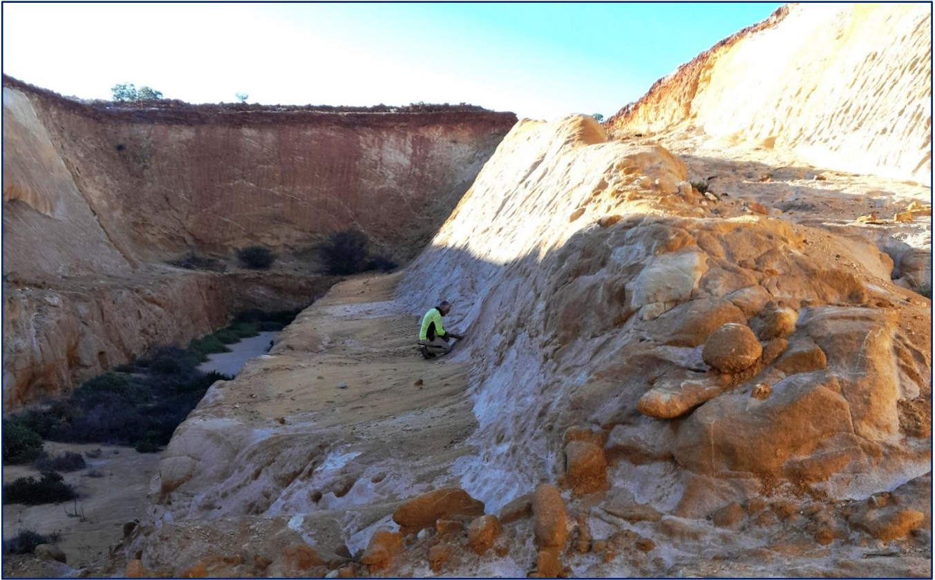
Open Pit mapping at the Mindoolah Mining Centre, Mindoolah Gold Project.
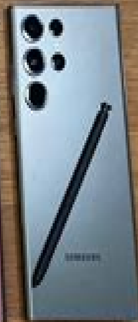
Galaxy S23 Ultra
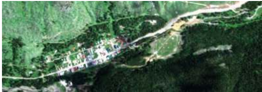
Figure 1. Color rendering of self test hyperspectral image.

They have been passed through a Hilbert filter to render them complex. After sampling, the vector is of dimension m = 10 and the parameters estimation is performed locally using a sliding window of size seven, and N = 48 . Once the P_{fa} has been fixed again at 10^{-3} , we place artificial targets over the image. We compare in Fig. 3 the outcome of the different detection tests. Note that the use of the Fixed Point estimators jointly with the ANMF lead to the best performance results, while AMF presents the highest SNR requirements.
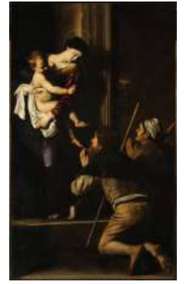
Figure 3 . Madonna of Loretto -- Caravaggio

Gracefully postured on the threshold of an entrance, Mary, attired in an overflowing gown, is depicted cradling the Child Christ while gazing at two pilgrims kneeling before them in an act of adoration. Both haloed by a golden circle, they seem to be accepting homage from the two devotees that have toiled in the weary pilgrimage. From the gesture of his
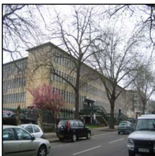
Figure 5 Magistrates Court
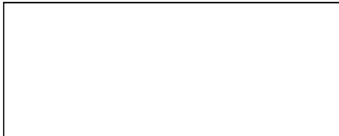
Signature of Parent/Guarantor
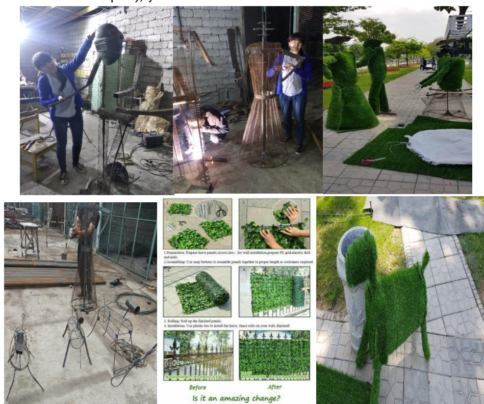
Figure 2. The process of creating wireframe topiary figures

get a green figurine that will organically complement your design in the future. It can also be a great gift for friends and family. Sometimes it is very difficult to believe that topiary is a completely feasible task. But this is not the case. If you have patience, then you can create, in the words of Wikipedia, patterned or imaginary figures for the landscape no worse than professionals.
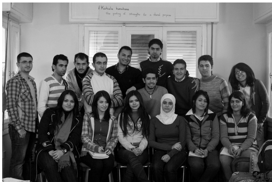
Figure 3.1. Iraqi students at their weekly Writers' Workshop in Damascus, December 2009. Through the Iraqi Student Project, sixteen students hope to be studying at colleges in the U.S. in the fall of 2010.

Most of the study is done in small groups, but every Friday all the students gather (16 of them this year) for the Writers' Workshop and for an ISP meeting. The latter often gets into everything from residency requirements
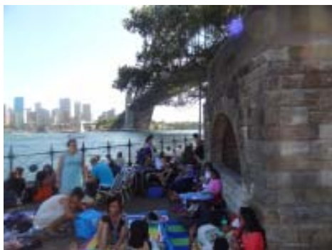
Camping out under the Harbour Bridge awaiting fireworks
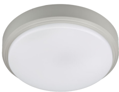
CoreLine Wall-mounted WL140V Ceiling-mounted Grey
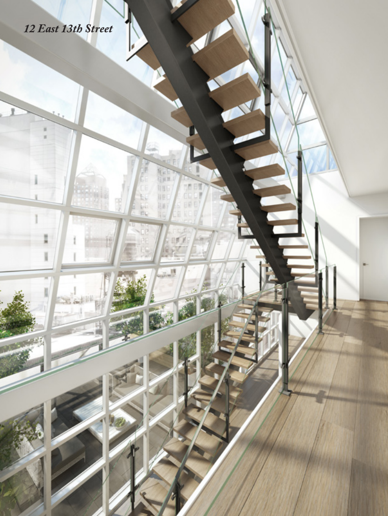
12 East 13th Street
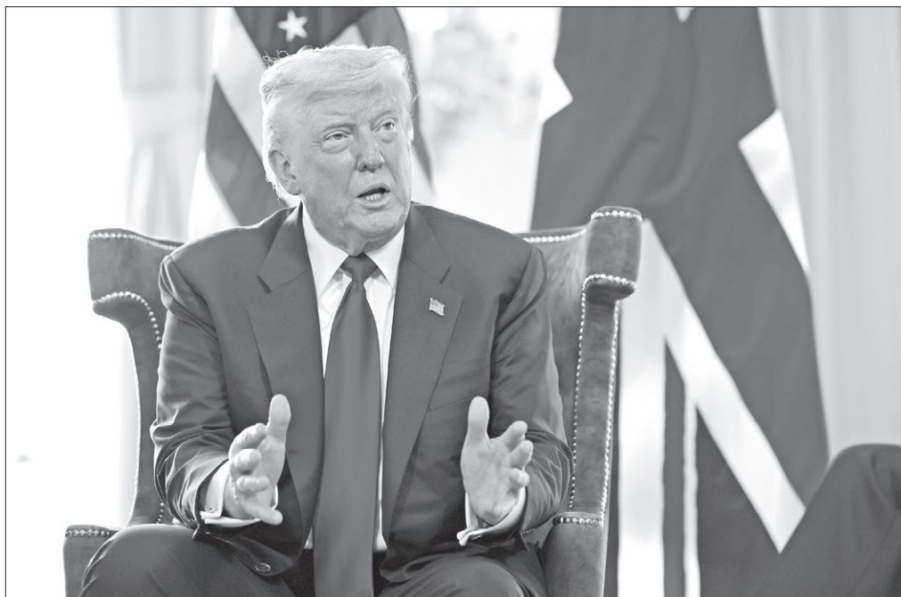
President Donald Trump publicly proclaimed that federal judges who oppose him should be impeached.
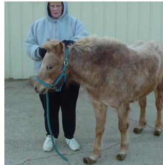
Misfit Acres Littlest Angel
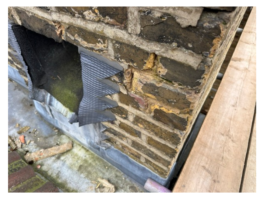
Photo 14 Location: Church (East Elevation) Repoint all eroded and missing mortar pointing around the hopper outlet to the tower roof.
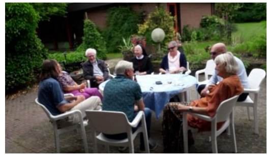
Old and new memories are recalled
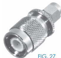
FIG. 27 RSA-3454
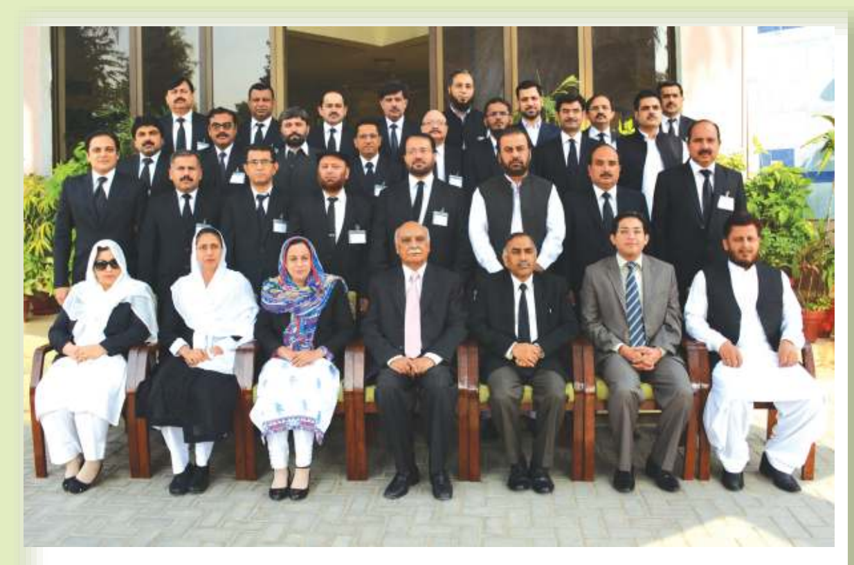
Trainees in group photo with Faculty members.

"STRENGTH DOES NOT COME FROM PHYSICAL CAPACITY. IT COMES FROM AN INDOMITABLE WILL."
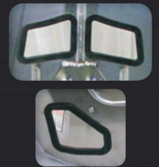
Molded Rubber Inserts
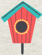
Bird Feeders & Houses
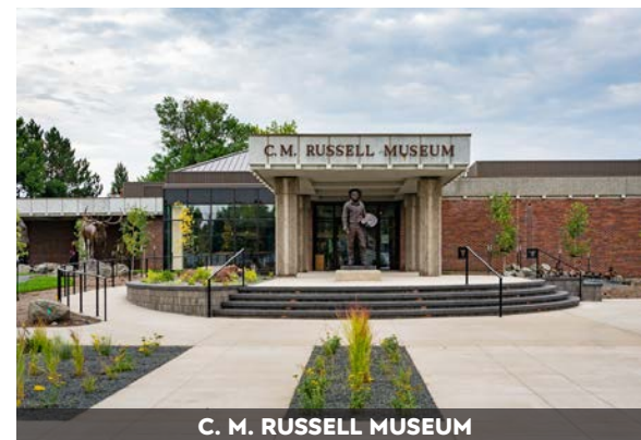
C. M. RUSSELL MUSEUM
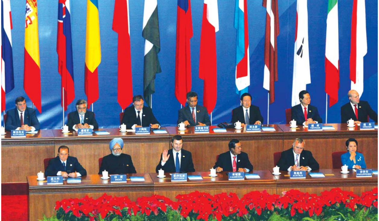
Prime Minister, Dr. Manmohan Singh and the other Heads of State at the opening ceremony of the Seventh ASEM Summit at the Great Hall of the People, in Beijing, China on 24 October, 2008.
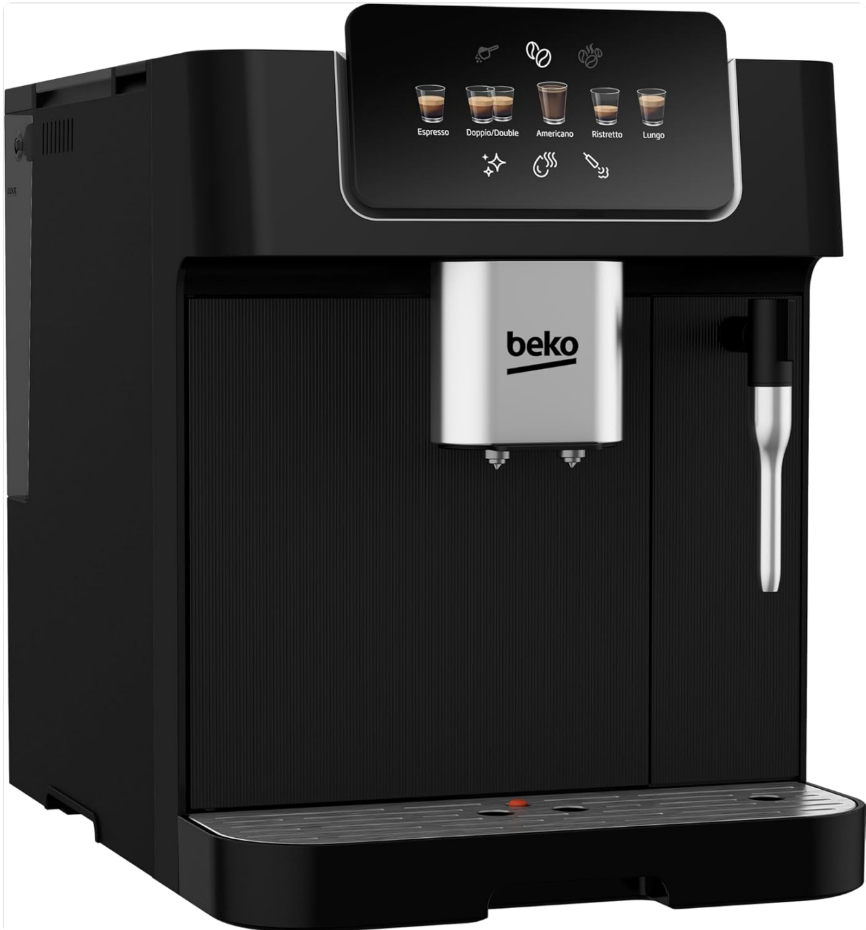
Figure 3.2: Angled view of the Beko CEG 7302 B, highlighting its sleek black design and compact form factor.

^^^^^^^^

→ **What you need to do**
Among the records above, locate the line containing "Gracefully postured on" and the line containing "get a green", then transcribe exactly the lines starting at the first and ending at the second, with no pictures.

→ **Exercise output**
Gracefully postured on the threshold of an entrance, Mary, attired in an overflowing gown, is depicted cradling the Child Christ while gazing at two pilgrims kneeling before them in an act of adoration. Both haloed by a golden circle, they seem to be accepting homage from the two devotees that have toiled in the weary pilgrimage. From the gesture of his
Figure 5 Magistrates Court
Signature of Parent/Guarantor
Figure 2. The process of creating wireframe topiary figures

get a green figurine that will organically complement your design in the future. It can also be a great gift for friends and family. Sometimes it is very difficult to believe that topiary is a completely feasible task. But this is not the case. If you have patience, then you can create, in the words of Wikipedia, patterned or imaginary figures for the landscape no worse than professionals.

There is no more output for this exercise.